What this task involves: Pictures are to be left out, and only the lines below starting at the one with "The Mozaic mobile" and ending at the one with "今朝は、児童集会がありました" are to be reproduced, each exactly, both ends included.

Provided records:
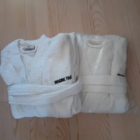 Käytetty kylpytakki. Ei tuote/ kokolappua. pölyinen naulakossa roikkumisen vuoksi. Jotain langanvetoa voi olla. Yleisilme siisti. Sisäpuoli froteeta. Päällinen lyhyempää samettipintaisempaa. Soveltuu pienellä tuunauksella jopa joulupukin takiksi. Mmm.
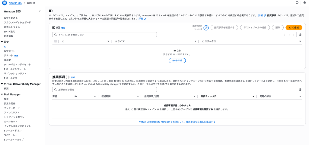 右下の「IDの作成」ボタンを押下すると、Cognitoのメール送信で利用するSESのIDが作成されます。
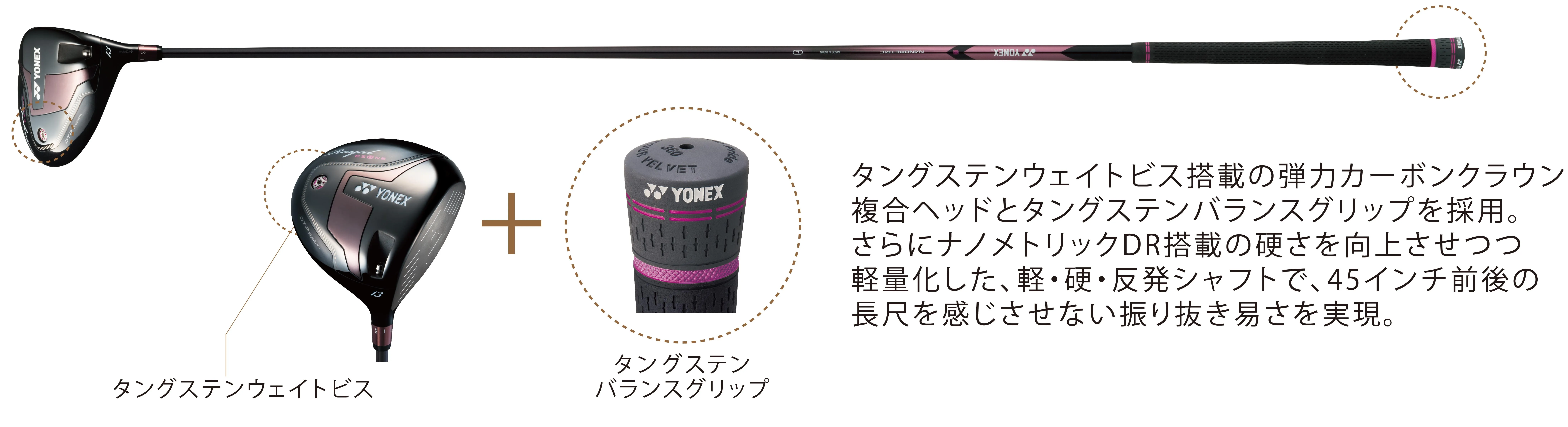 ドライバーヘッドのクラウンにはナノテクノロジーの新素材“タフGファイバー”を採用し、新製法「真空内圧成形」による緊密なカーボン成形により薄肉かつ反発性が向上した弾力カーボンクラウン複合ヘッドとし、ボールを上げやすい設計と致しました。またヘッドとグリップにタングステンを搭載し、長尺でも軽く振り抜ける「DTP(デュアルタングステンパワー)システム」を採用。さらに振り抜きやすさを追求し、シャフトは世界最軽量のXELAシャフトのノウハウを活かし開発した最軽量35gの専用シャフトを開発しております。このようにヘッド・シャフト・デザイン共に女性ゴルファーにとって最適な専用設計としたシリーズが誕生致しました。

--

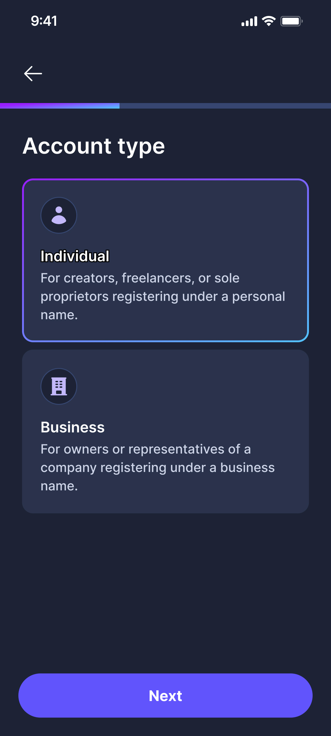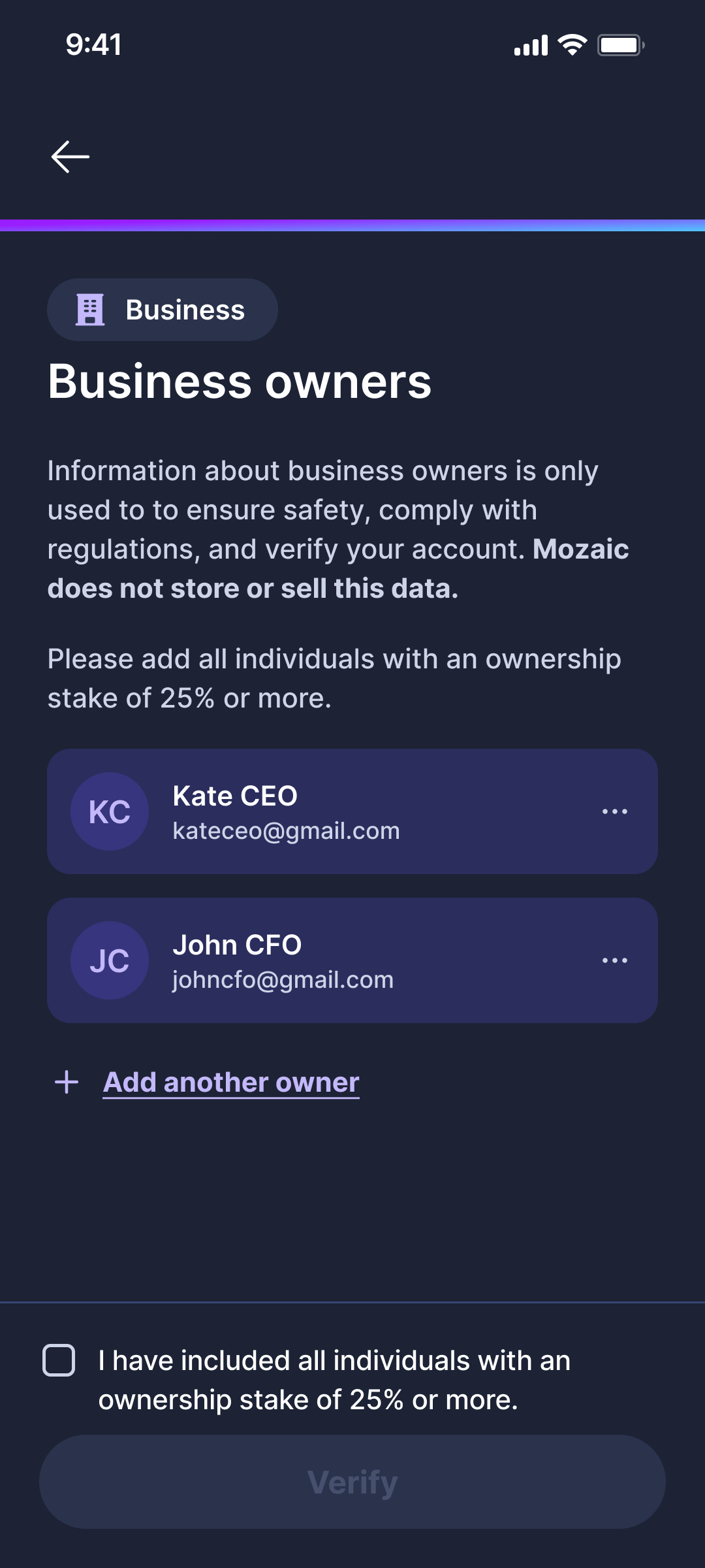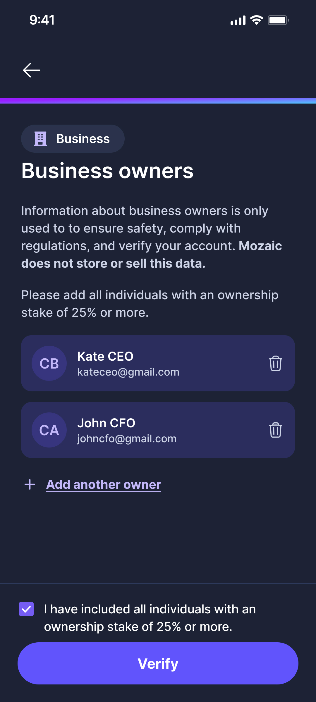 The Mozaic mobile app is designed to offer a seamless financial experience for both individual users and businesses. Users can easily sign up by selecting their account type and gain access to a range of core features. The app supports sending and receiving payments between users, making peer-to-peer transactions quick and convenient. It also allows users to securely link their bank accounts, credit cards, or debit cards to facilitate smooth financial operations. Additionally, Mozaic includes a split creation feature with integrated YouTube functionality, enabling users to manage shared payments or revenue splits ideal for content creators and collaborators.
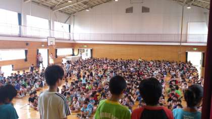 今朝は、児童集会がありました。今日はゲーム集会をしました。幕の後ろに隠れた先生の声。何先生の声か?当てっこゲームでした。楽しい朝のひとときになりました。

* * *

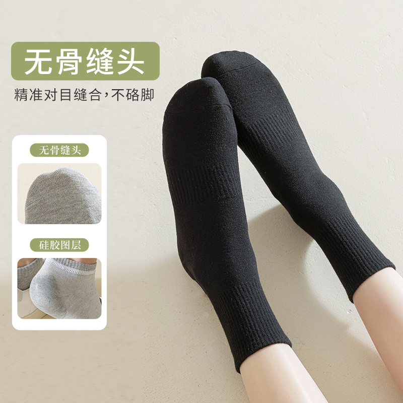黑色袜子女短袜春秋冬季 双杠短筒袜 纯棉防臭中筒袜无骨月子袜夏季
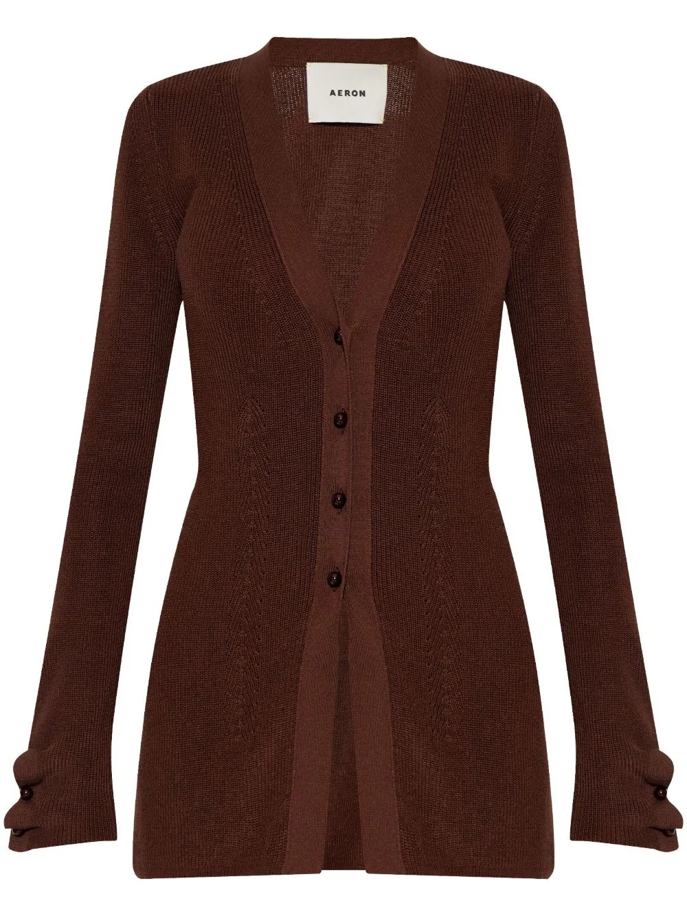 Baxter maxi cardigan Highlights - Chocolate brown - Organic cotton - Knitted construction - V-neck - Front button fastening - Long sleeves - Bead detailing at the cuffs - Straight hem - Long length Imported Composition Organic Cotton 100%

Response to the exercise:
 The Mozaic mobile app is designed to offer a seamless financial experience for both individual users and businesses. Users can easily sign up by selecting their account type and gain access to a range of core features. The app supports sending and receiving payments between users, making peer-to-peer transactions quick and convenient. It also allows users to securely link their bank accounts, credit cards, or debit cards to facilitate smooth financial operations. Additionally, Mozaic includes a split creation feature with integrated YouTube functionality, enabling users to manage shared payments or revenue splits ideal for content creators and collaborators.
 今朝は、児童集会がありました。今日はゲーム集会をしました。幕の後ろに隠れた先生の声。何先生の声か?当てっこゲームでした。楽しい朝のひとときになりました。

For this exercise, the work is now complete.